┌─ TASK MATERIAL

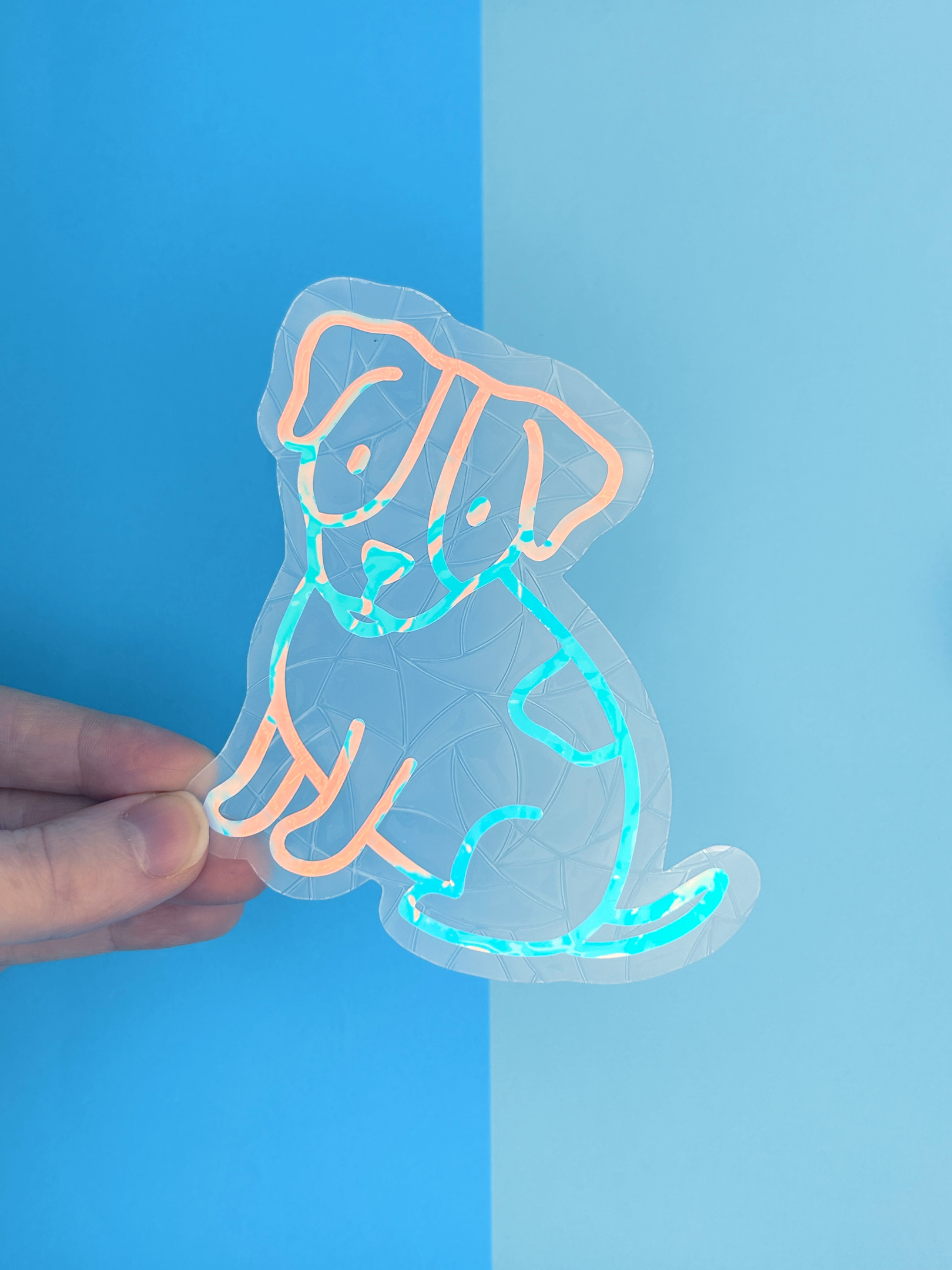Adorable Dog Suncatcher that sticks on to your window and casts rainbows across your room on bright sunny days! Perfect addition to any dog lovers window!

└─
┌─ TASK MATERIAL

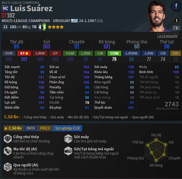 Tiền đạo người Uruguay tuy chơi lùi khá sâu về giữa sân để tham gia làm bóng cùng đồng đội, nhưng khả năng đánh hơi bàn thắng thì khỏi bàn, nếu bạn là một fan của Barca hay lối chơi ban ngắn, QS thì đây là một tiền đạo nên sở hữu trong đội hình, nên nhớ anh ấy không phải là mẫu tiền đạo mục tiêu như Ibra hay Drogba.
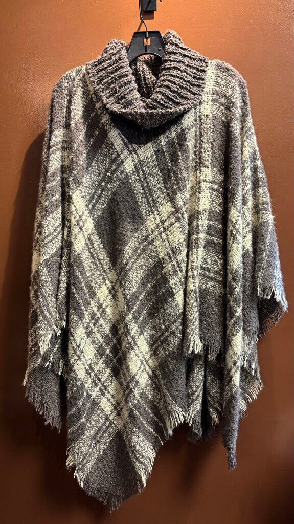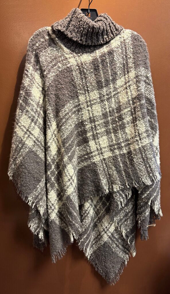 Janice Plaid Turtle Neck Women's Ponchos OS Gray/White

└─
┌─ TASK MATERIAL

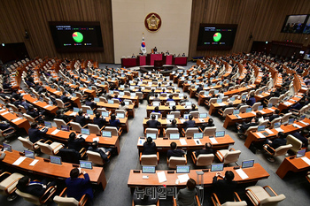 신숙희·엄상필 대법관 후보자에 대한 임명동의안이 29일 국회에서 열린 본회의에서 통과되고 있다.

└─

**YOUR TASK**
Reproduce the data above exactly, but only from the line containing "Tiền đạo người" through the line containing "Janice Plaid Turtle"; skip the pictures.

**TASK RESPONSE**
 Tiền đạo người Uruguay tuy chơi lùi khá sâu về giữa sân để tham gia làm bóng cùng đồng đội, nhưng khả năng đánh hơi bàn thắng thì khỏi bàn, nếu bạn là một fan của Barca hay lối chơi ban ngắn, QS thì đây là một tiền đạo nên sở hữu trong đội hình, nên nhớ anh ấy không phải là mẫu tiền đạo mục tiêu như Ibra hay Drogba.
 Janice Plaid Turtle Neck Women's Ponchos OS Gray/White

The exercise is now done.